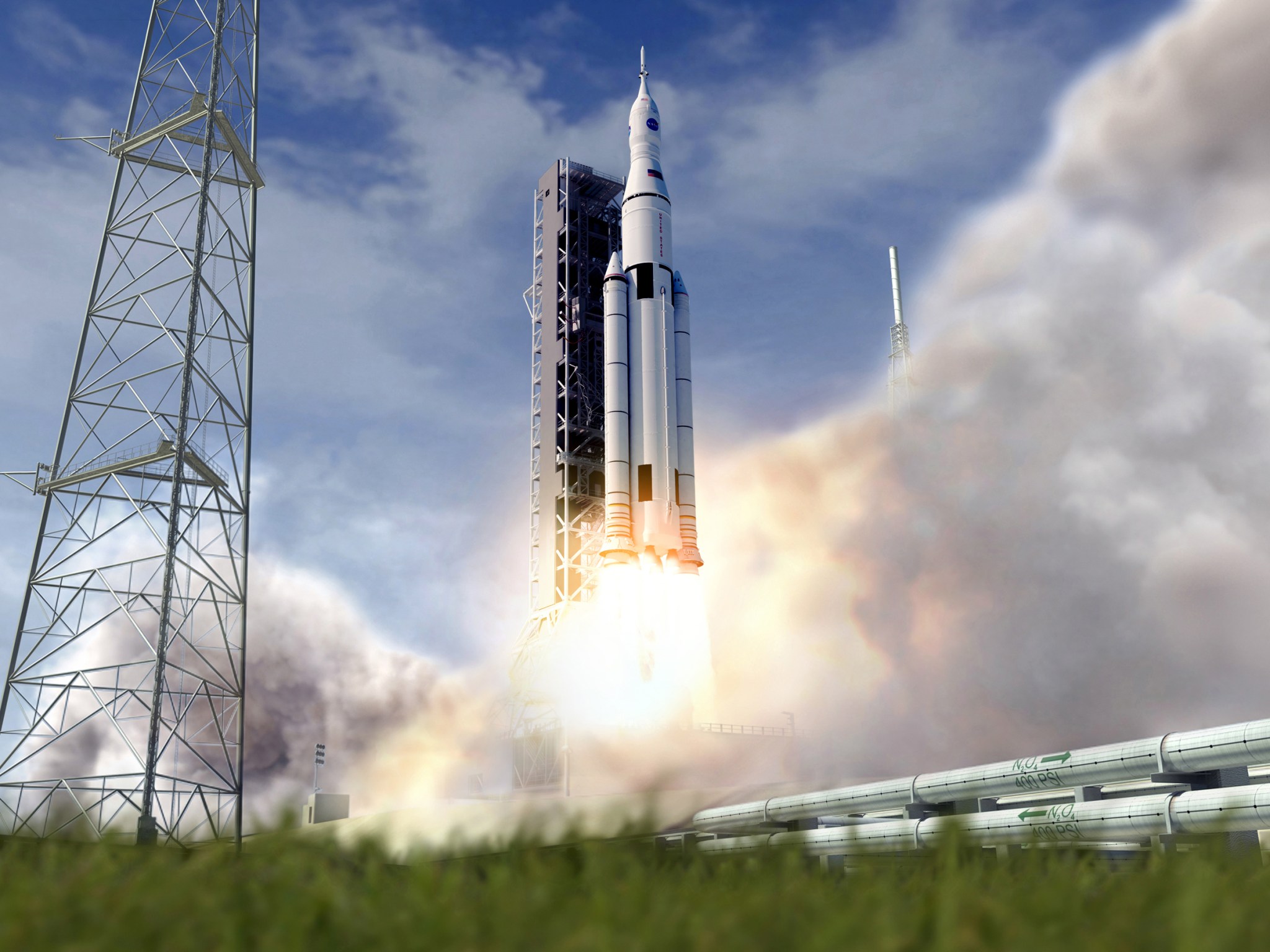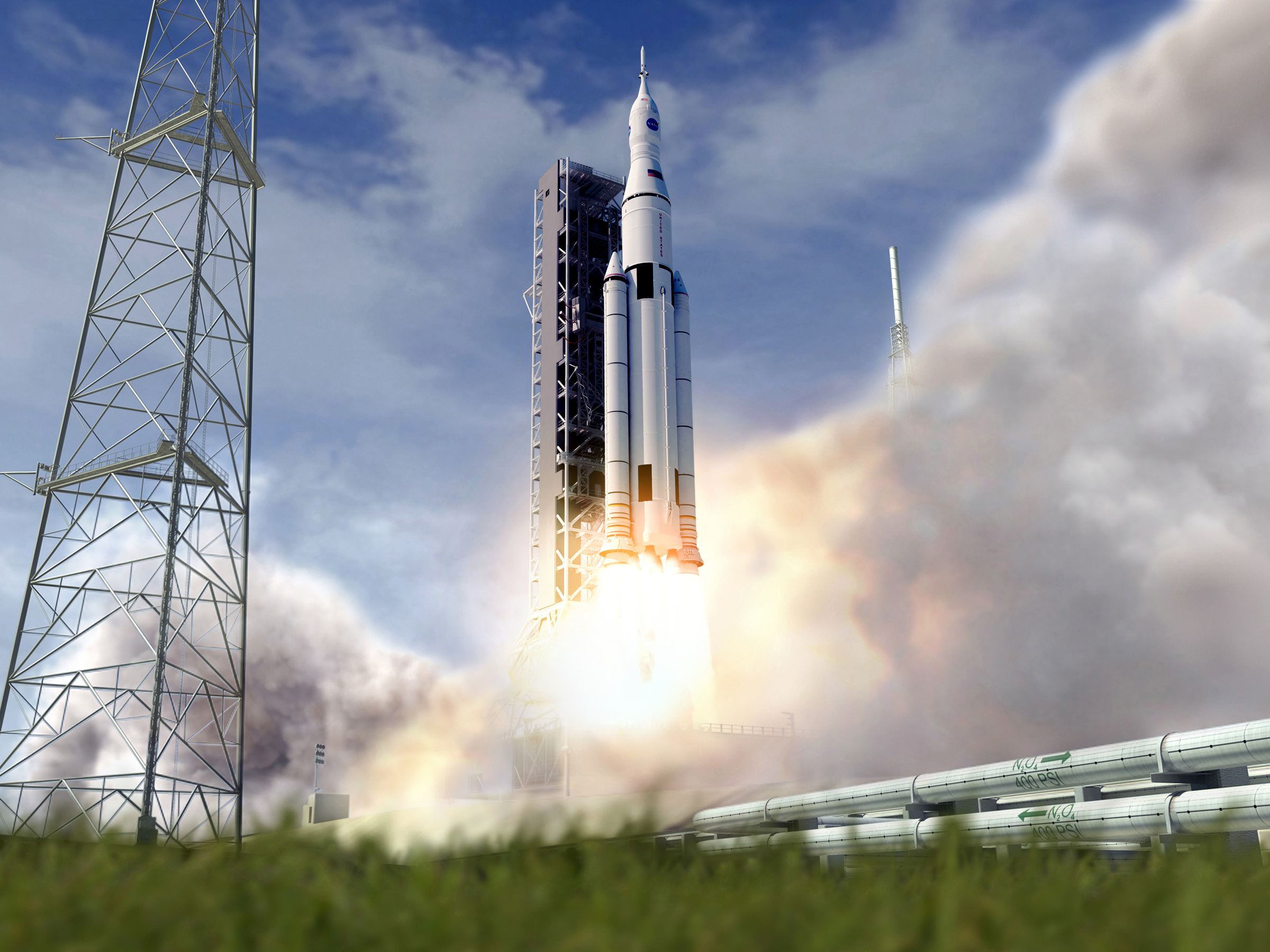 Artist’s concept of NASA’s Space Launch System initial crew vehicle launching from the Kennedy Space Center.
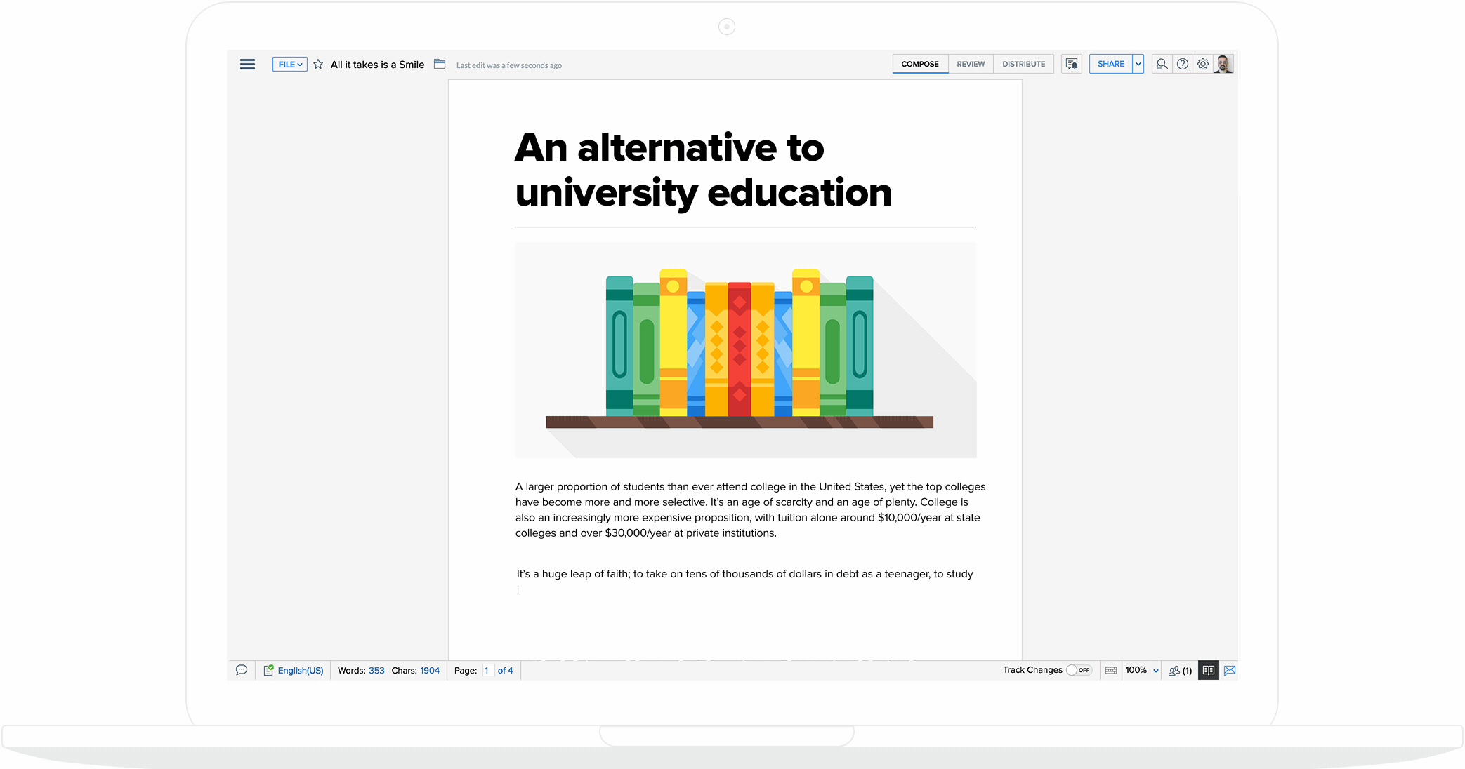 Don't let connectivity decide how you work. Create and edit documents offline, and even close the tabs when you’re done—Writer saves everything automatically. Once you’re reconnected, all that work you did offline syncs to your account in a snap!
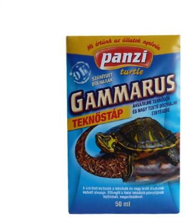 PANZI Gammarus szárított bolharák Akváriumi teknősöknek — Teknőstáp akváriumi teknősök és nagytestű díszhalak etetéséreA gammarus szárított rák a teknősök é s a nagytestű díszhalak kedvelt elesége. Elősegíti a fiatal teknősök páncéljának fejlődését, megerősödését. Teljesértékű táp, főeleségként adható. Beltartalom:állati fehérje, nedvességtartalom 13%Összetétel:napon szárított gammarusAdagolás: Amennyit a teknősök 2-3 percen belül elfgyasztanak. Ügyeljünk, hogy ne etessük túl a teknősöket, mivel az eledel bomlásnak indul a vízben. Kiszerelés: 50ml
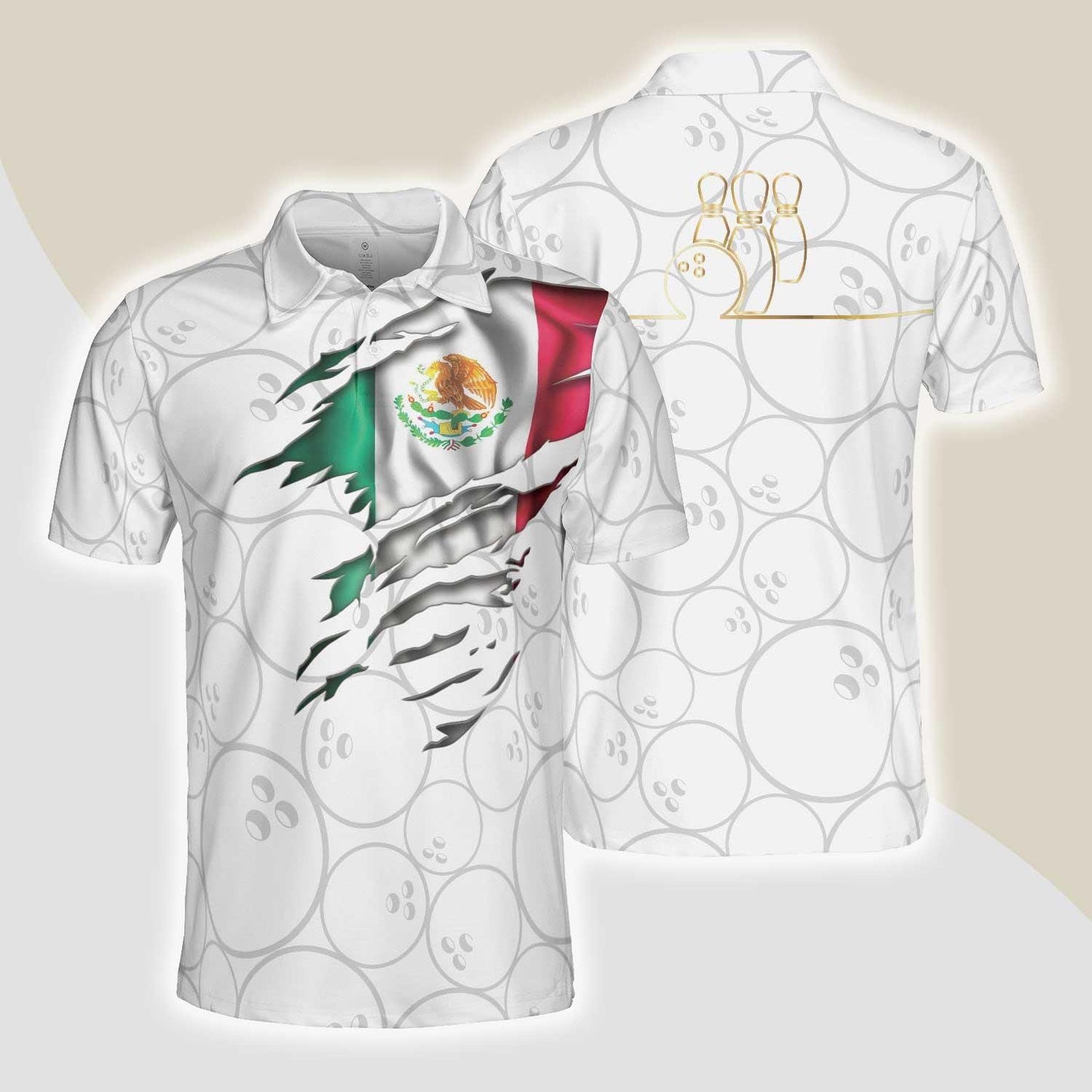 Bowling Men Polo Shirt - Bowling Mexico Flag White Personalized Bowling Polo Shirt - Gift For Friend, Family, Bowling Lovers
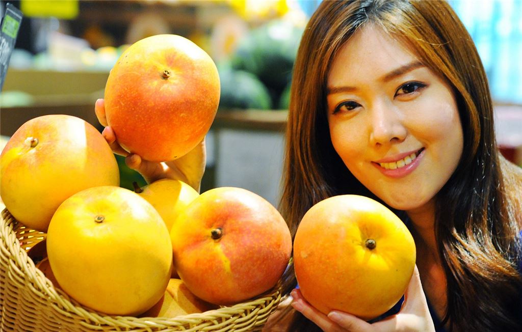 29일 홈플러스 강서점에서 모델이 필리핀산 애플망고를 선보이고 있다. 이 애플망고는 현지에서도 소량 생산되는 품종으로, 천연 자연환경에서 자라 야생의 거친 표면을 갖고 있으며, 황금빛의 진한 과육과 깊은 풍미를 자랑한다. 31일까지 전국 140개 점포(합정점 제외)에서 구매할 수 있으며, 가격은 개당 9990원이다.<br /> <br />
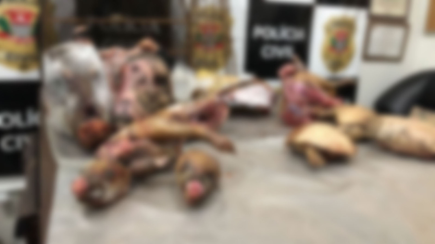 Ao ingressar na casa, situada na área rural de Eldorado, os policiais civis foram recebidos por uma mulher (62 anos), a qual alegou que seu companheiro que realizava a caça desses animais. Ao vistoriar o imóvel os investigadores localizaram congelados no freezer 2 porcos do mato, 2 quatis e 3 tatus. Além desses animais, os policiais civis apreenderam dentro de uma gaiola um pássaro da espécie Bico de Pimenta, muito cobiçado por criadores de aves.

Instructions for the task: Return the records above exactly as written. Do not include their images.

Expected answer:
 Artist’s concept of NASA’s Space Launch System initial crew vehicle launching from the Kennedy Space Center.
 Don't let connectivity decide how you work. Create and edit documents offline, and even close the tabs when you’re done—Writer saves everything automatically. Once you’re reconnected, all that work you did offline syncs to your account in a snap!
 PANZI Gammarus szárított bolharák Akváriumi teknősöknek — Teknőstáp akváriumi teknősök és nagytestű díszhalak etetéséreA gammarus szárított rák a teknősök é s a nagytestű díszhalak kedvelt elesége. Elősegíti a fiatal teknősök páncéljának fejlődését, megerősödését. Teljesértékű táp, főeleségként adható. Beltartalom:állati fehérje, nedvességtartalom 13%Összetétel:napon szárított gammarusAdagolás: Amennyit a teknősök 2-3 percen belül elfgyasztanak. Ügyeljünk, hogy ne etessük túl a teknősöket, mivel az eledel bomlásnak indul a vízben. Kiszerelés: 50ml
 Bowling Men Polo Shirt - Bowling Mexico Flag White Personalized Bowling Polo Shirt - Gift For Friend, Family, Bowling Lovers
 29일 홈플러스 강서점에서 모델이 필리핀산 애플망고를 선보이고 있다. 이 애플망고는 현지에서도 소량 생산되는 품종으로, 천연 자연환경에서 자라 야생의 거친 표면을 갖고 있으며, 황금빛의 진한 과육과 깊은 풍미를 자랑한다. 31일까지 전국 140개 점포(합정점 제외)에서 구매할 수 있으며, 가격은 개당 9990원이다.<br /> <br />
 Ao ingressar na casa, situada na área rural de Eldorado, os policiais civis foram recebidos por uma mulher (62 anos), a qual alegou que seu companheiro que realizava a caça desses animais. Ao vistoriar o imóvel os investigadores localizaram congelados no freezer 2 porcos do mato, 2 quatis e 3 tatus. Além desses animais, os policiais civis apreenderam dentro de uma gaiola um pássaro da espécie Bico de Pimenta, muito cobiçado por criadores de aves.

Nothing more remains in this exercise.